Tessellate S.T.E.M.S. (2019) - Mathematics - School - Set 1 - Objective Problem 2

We claim that $(p,q) = (13, 7)$ is the only solution to the given Diophantine Equation, whence the desired value is $14.8-1 = 111$ .

We have $p^2 + q^3 = a^3$ for some positive integer $a$ which yields $p^2 = a^3-q^3 = (a-q)(a^2+aq+q^2)$ and by the Unique Factorization Theorem for integers we may have one of the following two possibilities:

Case $1$ : $p = a-q = a^2+aq+q^2 \implies p = (q+p)^2+q(q+p)+q^2 > p^2$ , a contradiction as $p>1$ .

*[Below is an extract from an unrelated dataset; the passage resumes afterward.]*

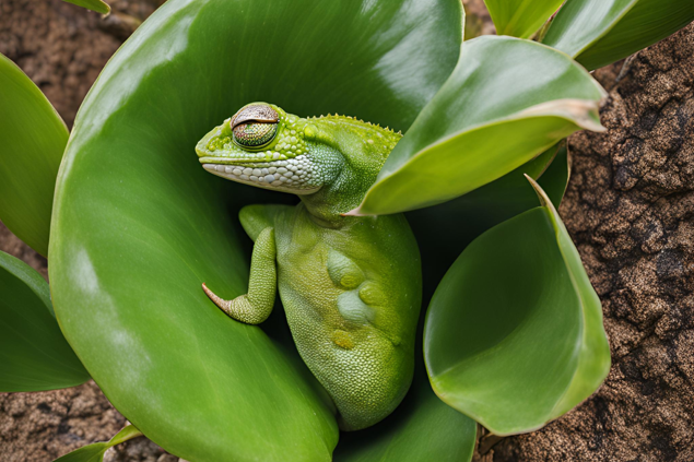De kameleon verandert van kleur om zich te verstoppen voor vijanden, door zich aan te passen aan de omgeving.

Case $2$ : $1=a-q, p^2 = a^2 +aq+q^2 \implies p^2 = (q+1)^2+q(q+1)+q^2 = 3q^2+3q+1 = 3q(q+1)+1 \implies (p-1)(p+1) = 3q(q+1)$

Now since $q$ is prime we can have either $q|(p-1)$ or $q|(p+1)$ .

In the former case, $p=qk+1$ for some $k \in \mathbb{N}$ and we have $3q(q+1) = (p-1)(p+1) = qk(qk+2) \iff 3(q+1)=k(kq+2) \geq 2(2q+2)$ unless $k=1$ in which case we have $3(q+1) = q+2$ which has no solution.

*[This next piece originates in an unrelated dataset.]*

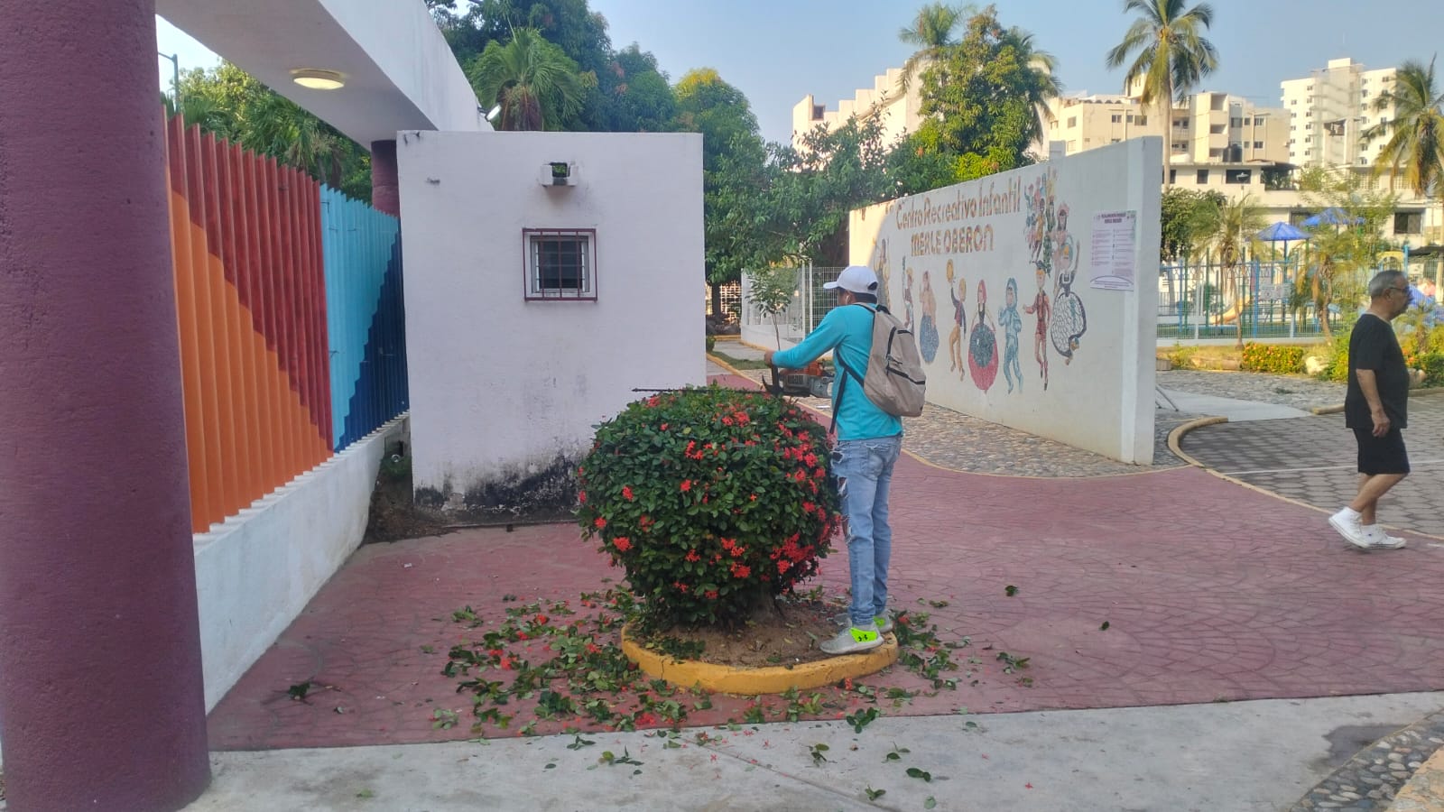 “Tenemos un listado que se va a intervenir por la dirección de Áreas Verdes, vamos a continuar en la parte de Ciudad Renacimiento, Cayaco, Coloso, vamos a intervenir los parques y también en Costa Azul en el parque Merle Oberón con 20 personas, ya llevamos dos días en esa zona, ya vamos a terminar con ese parque”, detalló Hernández Juárez.

Hence we must have $q|(p+1)$ which yields, since $k \in \mathbb{N}$ , $3(q+1)=k(qk-2) \iff 2k+3 = q(k^2-3) \geq 2(k^2-3) \implies 2k^2-2k-9 \leq 0 \implies 1 \leq k \leq \floor{\frac{1+\sqrt{19}}{2}} = 2$ As checked immediately, we then must have $k = 2$ which yields $q = 7, p =13$ as the only solution.

$p^2+q^3=x^3$ , where $x$ is a positive integer.

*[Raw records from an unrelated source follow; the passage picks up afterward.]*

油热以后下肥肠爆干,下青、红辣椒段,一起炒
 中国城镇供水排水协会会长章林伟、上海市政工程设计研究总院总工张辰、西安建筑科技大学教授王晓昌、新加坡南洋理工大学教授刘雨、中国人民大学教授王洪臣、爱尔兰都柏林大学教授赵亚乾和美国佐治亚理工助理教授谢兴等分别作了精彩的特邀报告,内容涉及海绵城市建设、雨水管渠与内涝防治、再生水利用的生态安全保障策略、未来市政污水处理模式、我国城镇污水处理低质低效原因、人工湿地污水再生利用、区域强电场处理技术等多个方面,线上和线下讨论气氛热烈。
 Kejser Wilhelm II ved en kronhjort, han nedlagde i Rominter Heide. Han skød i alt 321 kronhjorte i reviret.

$p^2=x^3-q^3 \implies p^2=(x-q)(x^2+q^2+xq)$

there are two possibilities now (considering $x^2+q^2+xq > x-q$ ).

1- $x-q=p$ and $x^2+q^2+xq=p$

we have

$x^2+q^2+xq=x-q \implies (x-q)^2+3xq=x-q \implies (x-q)(x-q-1)=-3xq$

since the RHS is negative and the LHS can be either zero or positive, the first possibility would not lead to any solution.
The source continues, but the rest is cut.